Problem description: Taking the line with "These Penguin pants" as the first and the line with "渦北水廠2021年6月安全生產(chǎn)檢查記錄" as the last, set down the lines below exactly, pictures excluded.

Entries provided:

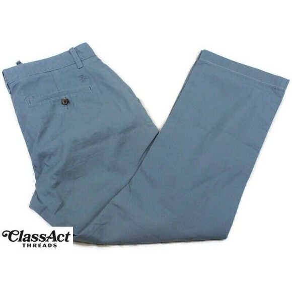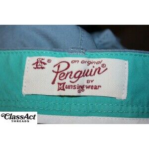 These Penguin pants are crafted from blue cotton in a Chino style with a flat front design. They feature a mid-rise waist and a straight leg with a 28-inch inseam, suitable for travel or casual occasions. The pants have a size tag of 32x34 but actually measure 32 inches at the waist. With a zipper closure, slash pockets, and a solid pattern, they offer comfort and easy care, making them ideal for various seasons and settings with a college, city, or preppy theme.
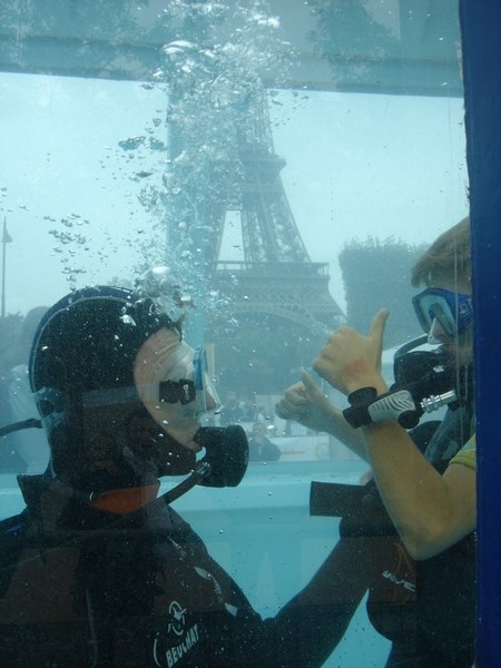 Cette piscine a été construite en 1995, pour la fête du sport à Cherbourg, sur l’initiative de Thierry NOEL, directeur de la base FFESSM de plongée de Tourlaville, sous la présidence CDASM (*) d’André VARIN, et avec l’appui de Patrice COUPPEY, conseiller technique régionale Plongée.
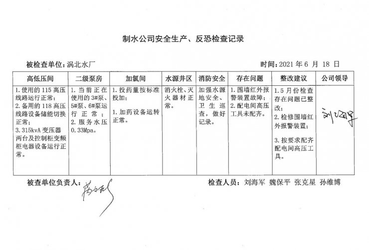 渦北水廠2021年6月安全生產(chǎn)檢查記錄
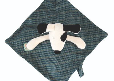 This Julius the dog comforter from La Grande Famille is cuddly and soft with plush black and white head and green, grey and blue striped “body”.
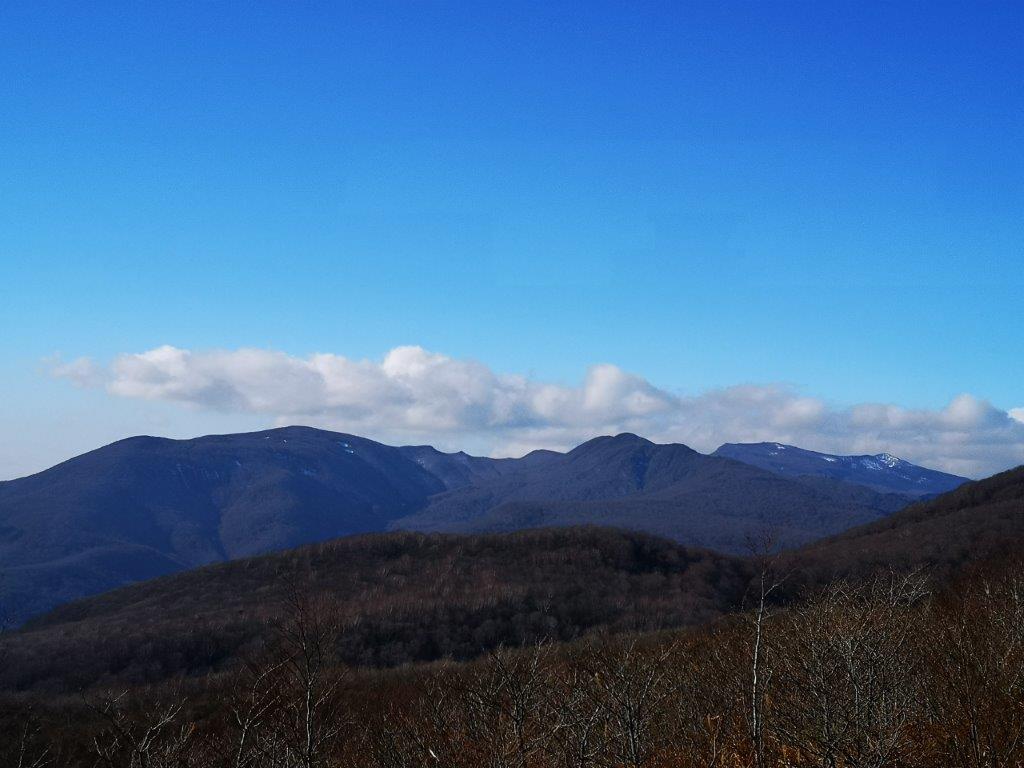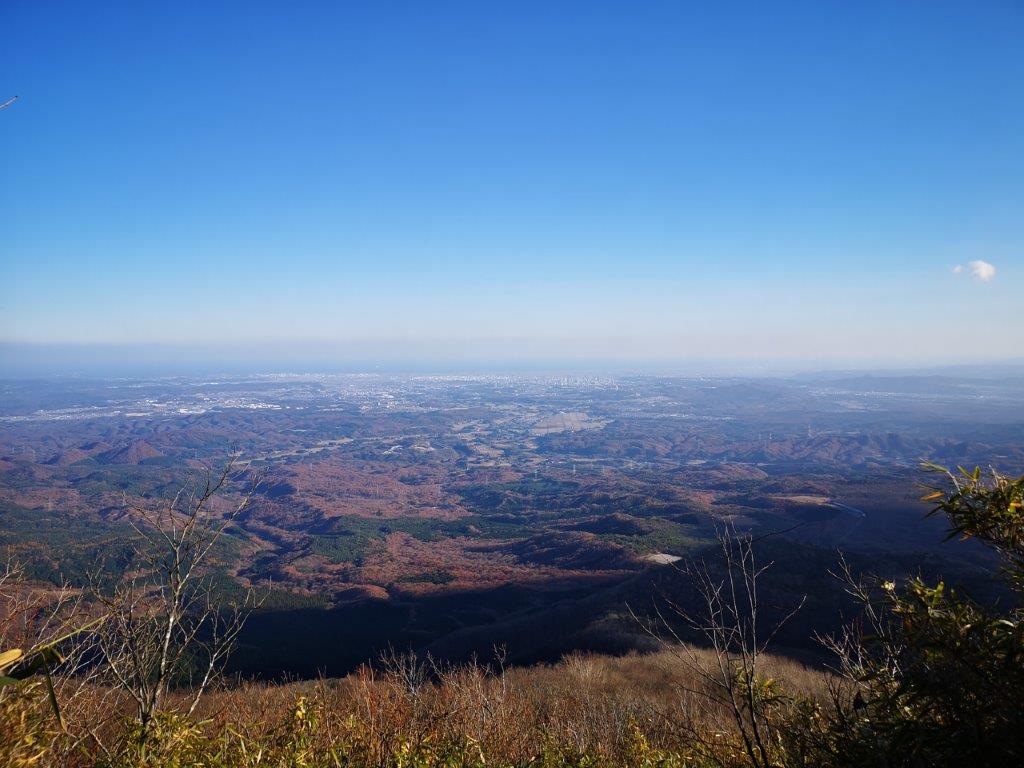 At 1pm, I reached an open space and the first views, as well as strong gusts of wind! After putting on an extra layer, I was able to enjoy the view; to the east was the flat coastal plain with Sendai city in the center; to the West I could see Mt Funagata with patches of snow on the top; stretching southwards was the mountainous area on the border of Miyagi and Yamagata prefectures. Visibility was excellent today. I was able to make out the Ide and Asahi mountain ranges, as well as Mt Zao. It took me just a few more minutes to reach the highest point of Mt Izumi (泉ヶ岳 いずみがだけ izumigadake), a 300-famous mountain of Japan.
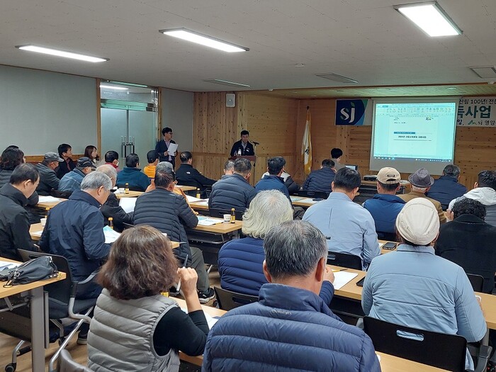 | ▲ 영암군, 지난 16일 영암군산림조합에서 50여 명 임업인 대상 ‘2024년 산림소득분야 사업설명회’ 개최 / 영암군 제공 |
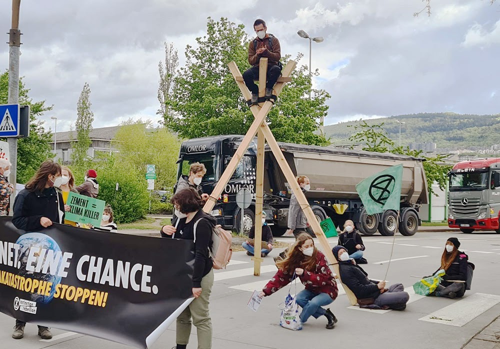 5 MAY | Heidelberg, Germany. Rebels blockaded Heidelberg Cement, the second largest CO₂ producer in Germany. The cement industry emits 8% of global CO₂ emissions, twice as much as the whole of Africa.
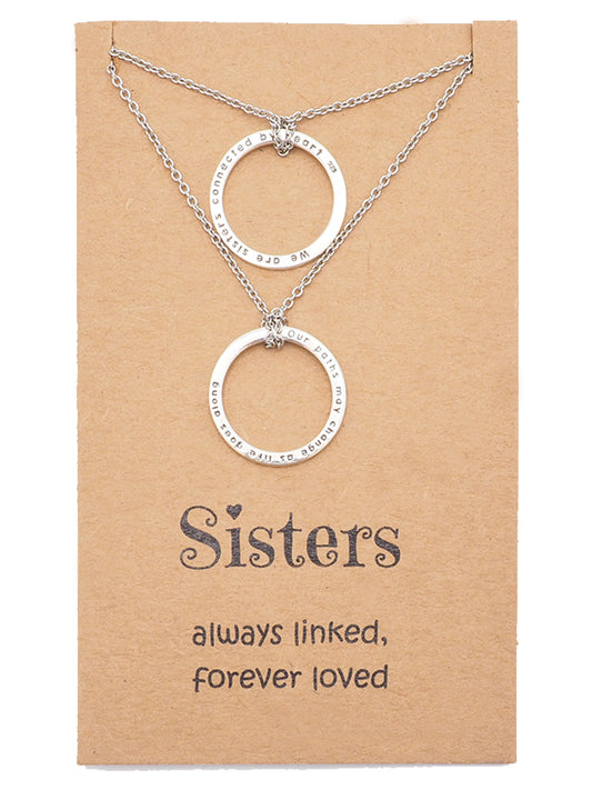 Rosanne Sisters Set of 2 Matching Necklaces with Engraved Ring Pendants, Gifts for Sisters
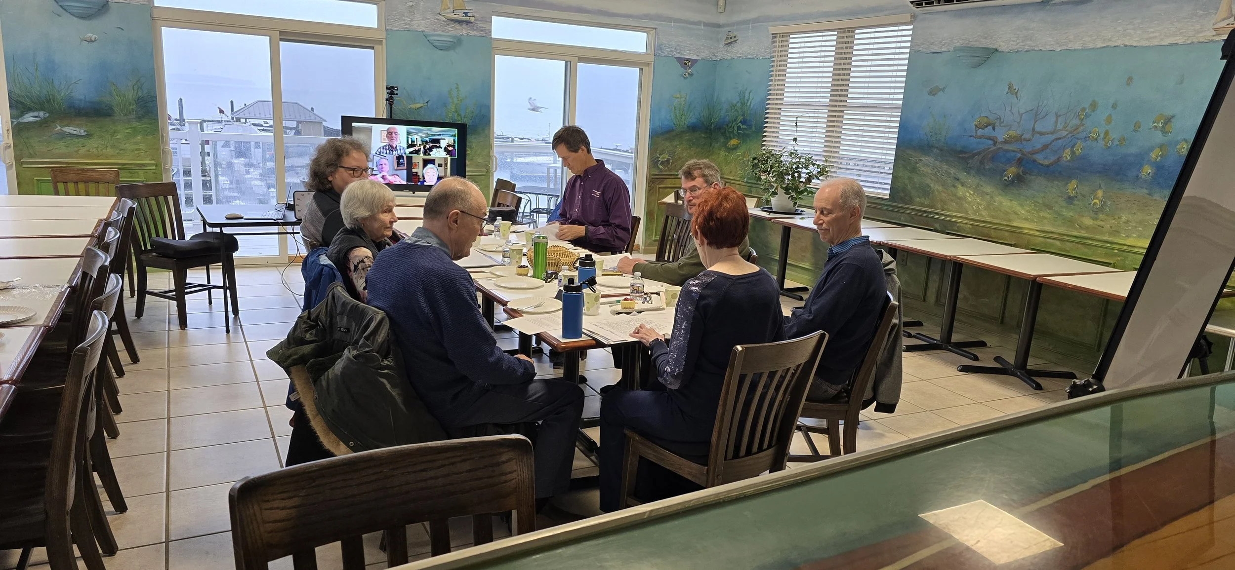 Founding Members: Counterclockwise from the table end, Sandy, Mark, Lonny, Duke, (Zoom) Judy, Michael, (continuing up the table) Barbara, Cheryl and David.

--

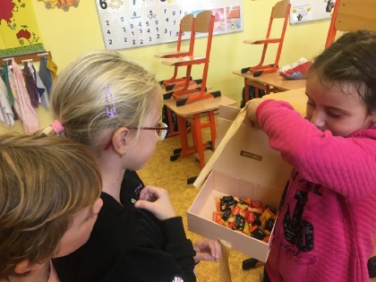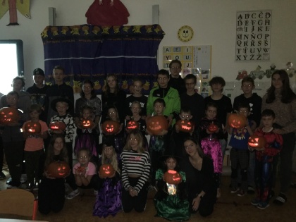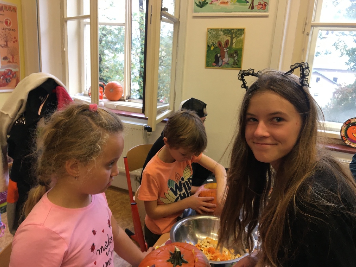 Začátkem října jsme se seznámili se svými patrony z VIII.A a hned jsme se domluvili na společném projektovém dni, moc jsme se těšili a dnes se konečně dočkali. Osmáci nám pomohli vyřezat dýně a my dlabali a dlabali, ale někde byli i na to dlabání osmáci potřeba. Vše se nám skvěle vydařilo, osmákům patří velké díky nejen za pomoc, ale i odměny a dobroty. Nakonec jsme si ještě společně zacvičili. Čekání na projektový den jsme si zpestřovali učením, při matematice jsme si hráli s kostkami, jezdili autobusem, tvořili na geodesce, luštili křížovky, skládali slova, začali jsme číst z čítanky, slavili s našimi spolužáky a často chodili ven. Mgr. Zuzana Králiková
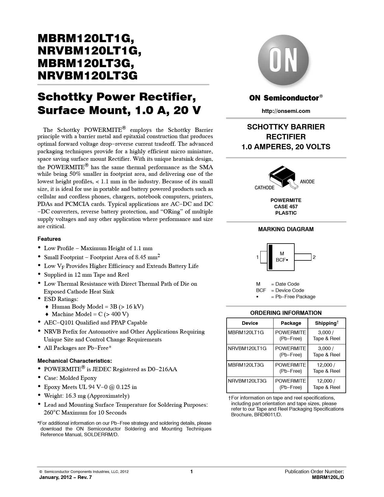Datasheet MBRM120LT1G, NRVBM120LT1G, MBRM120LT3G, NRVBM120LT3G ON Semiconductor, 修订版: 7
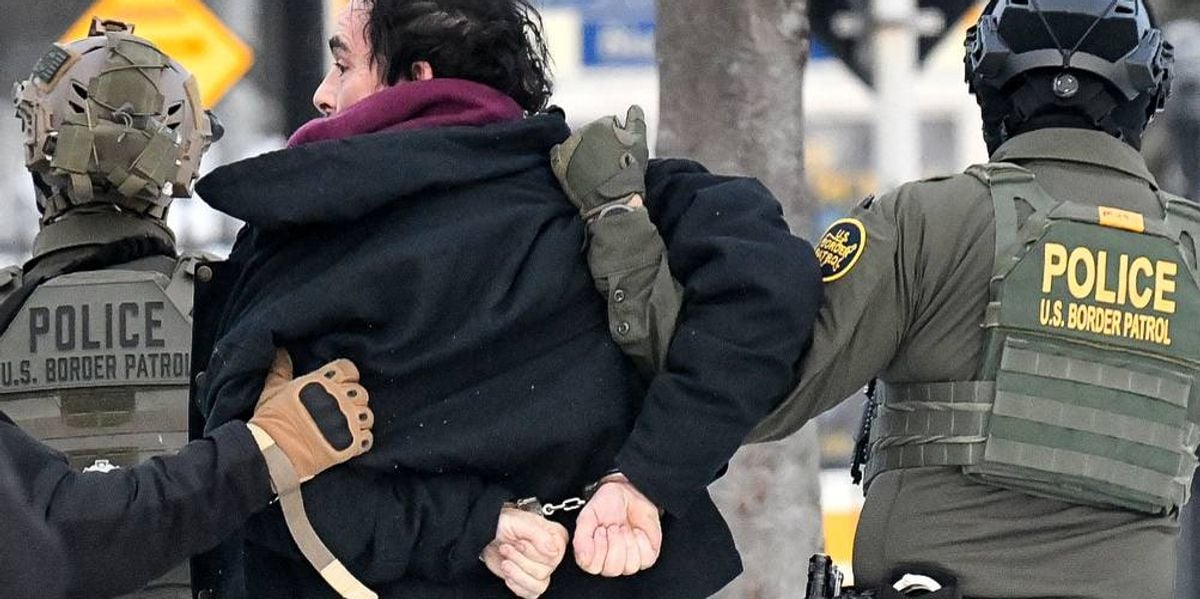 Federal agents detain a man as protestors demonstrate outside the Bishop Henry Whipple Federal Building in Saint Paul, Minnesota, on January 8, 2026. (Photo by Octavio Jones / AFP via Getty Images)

--

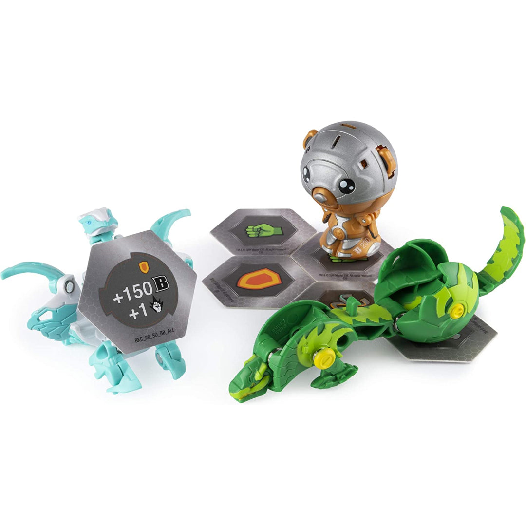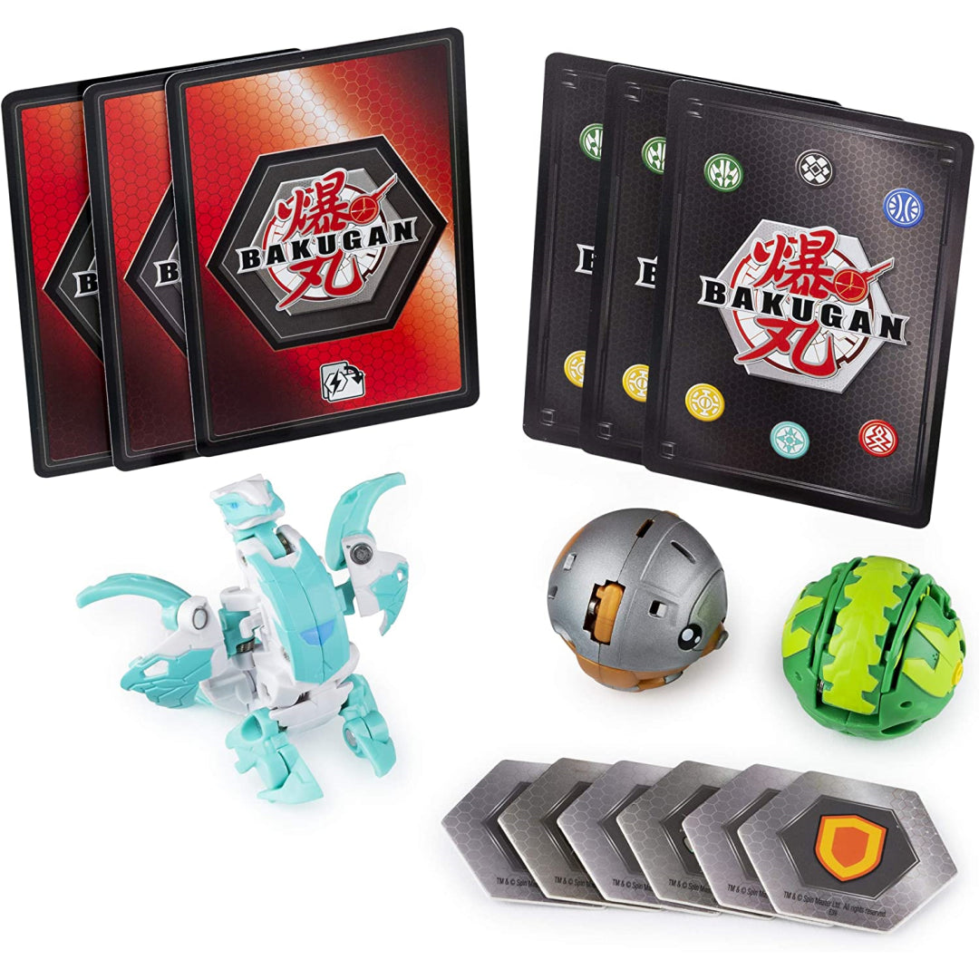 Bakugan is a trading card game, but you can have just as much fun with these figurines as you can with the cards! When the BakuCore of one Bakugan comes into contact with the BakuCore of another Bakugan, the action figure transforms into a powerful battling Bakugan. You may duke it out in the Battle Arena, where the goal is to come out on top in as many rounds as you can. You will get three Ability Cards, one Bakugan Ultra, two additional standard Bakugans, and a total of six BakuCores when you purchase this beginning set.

Reply to the exercise:
 These Penguin pants are crafted from blue cotton in a Chino style with a flat front design. They feature a mid-rise waist and a straight leg with a 28-inch inseam, suitable for travel or casual occasions. The pants have a size tag of 32x34 but actually measure 32 inches at the waist. With a zipper closure, slash pockets, and a solid pattern, they offer comfort and easy care, making them ideal for various seasons and settings with a college, city, or preppy theme.
 Cette piscine a été construite en 1995, pour la fête du sport à Cherbourg, sur l’initiative de Thierry NOEL, directeur de la base FFESSM de plongée de Tourlaville, sous la présidence CDASM (*) d’André VARIN, et avec l’appui de Patrice COUPPEY, conseiller technique régionale Plongée.
 渦北水廠2021年6月安全生產(chǎn)檢查記錄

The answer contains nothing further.